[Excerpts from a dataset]
------------------------------

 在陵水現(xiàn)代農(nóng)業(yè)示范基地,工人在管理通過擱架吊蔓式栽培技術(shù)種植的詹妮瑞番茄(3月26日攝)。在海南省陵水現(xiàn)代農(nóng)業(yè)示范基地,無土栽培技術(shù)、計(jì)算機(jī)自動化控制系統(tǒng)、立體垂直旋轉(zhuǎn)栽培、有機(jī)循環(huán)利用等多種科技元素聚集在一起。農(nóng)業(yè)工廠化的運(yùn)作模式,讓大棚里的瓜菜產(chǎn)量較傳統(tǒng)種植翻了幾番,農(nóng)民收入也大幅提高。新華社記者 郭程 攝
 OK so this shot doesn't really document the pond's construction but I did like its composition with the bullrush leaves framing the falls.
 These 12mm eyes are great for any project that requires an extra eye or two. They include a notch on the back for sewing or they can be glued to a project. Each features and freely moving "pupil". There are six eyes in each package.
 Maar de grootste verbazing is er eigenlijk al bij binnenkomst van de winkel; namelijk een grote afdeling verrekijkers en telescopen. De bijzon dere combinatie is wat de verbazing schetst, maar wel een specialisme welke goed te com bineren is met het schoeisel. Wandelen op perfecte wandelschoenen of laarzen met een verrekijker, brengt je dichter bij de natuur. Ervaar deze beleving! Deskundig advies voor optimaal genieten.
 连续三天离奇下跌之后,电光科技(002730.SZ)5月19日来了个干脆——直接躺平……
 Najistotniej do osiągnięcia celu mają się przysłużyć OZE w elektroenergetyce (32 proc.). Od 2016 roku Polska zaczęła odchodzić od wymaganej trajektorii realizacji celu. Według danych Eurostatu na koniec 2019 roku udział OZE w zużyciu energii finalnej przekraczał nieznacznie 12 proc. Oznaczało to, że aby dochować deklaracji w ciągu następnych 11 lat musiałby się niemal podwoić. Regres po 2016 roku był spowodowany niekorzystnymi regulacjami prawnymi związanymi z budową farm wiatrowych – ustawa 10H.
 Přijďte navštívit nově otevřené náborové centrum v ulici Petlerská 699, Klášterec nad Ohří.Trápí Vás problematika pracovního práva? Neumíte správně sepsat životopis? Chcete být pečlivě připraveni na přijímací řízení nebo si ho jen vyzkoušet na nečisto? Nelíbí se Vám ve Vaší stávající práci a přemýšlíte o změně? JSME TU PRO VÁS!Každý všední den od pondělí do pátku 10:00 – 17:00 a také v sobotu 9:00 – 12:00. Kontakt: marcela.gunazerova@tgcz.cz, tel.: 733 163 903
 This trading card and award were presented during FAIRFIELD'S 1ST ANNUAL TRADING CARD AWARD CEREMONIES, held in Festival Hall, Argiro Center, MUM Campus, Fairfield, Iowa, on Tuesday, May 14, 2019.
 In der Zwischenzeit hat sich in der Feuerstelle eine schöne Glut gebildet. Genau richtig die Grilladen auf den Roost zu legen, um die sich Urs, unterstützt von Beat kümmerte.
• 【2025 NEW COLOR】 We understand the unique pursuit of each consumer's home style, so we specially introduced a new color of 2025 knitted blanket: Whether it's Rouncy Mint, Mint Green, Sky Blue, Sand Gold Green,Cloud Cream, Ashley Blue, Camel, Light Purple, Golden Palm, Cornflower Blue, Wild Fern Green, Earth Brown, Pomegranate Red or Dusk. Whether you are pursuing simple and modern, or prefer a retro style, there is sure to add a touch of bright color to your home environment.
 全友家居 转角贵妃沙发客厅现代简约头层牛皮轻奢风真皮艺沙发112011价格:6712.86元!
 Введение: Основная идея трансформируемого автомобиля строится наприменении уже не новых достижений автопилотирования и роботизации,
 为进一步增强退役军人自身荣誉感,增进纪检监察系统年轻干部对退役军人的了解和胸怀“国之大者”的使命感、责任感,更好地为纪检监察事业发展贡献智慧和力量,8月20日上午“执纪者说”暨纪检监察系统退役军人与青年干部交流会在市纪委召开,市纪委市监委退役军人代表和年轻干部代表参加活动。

------------------------------

* _EXERCISE PROMPT_:
What you return must be an exact retyping of the lines above starting at the line with "Maar de grootste" and ending at the line with "连续三天离奇下跌之后,电光科", and nothing besides.

* _ANSWER BOX_:
 Maar de grootste verbazing is er eigenlijk al bij binnenkomst van de winkel; namelijk een grote afdeling verrekijkers en telescopen. De bijzon dere combinatie is wat de verbazing schetst, maar wel een specialisme welke goed te com bineren is met het schoeisel. Wandelen op perfecte wandelschoenen of laarzen met een verrekijker, brengt je dichter bij de natuur. Ervaar deze beleving! Deskundig advies voor optimaal genieten.
 连续三天离奇下跌之后,电光科技(002730.SZ)5月19日来了个干脆——直接躺平……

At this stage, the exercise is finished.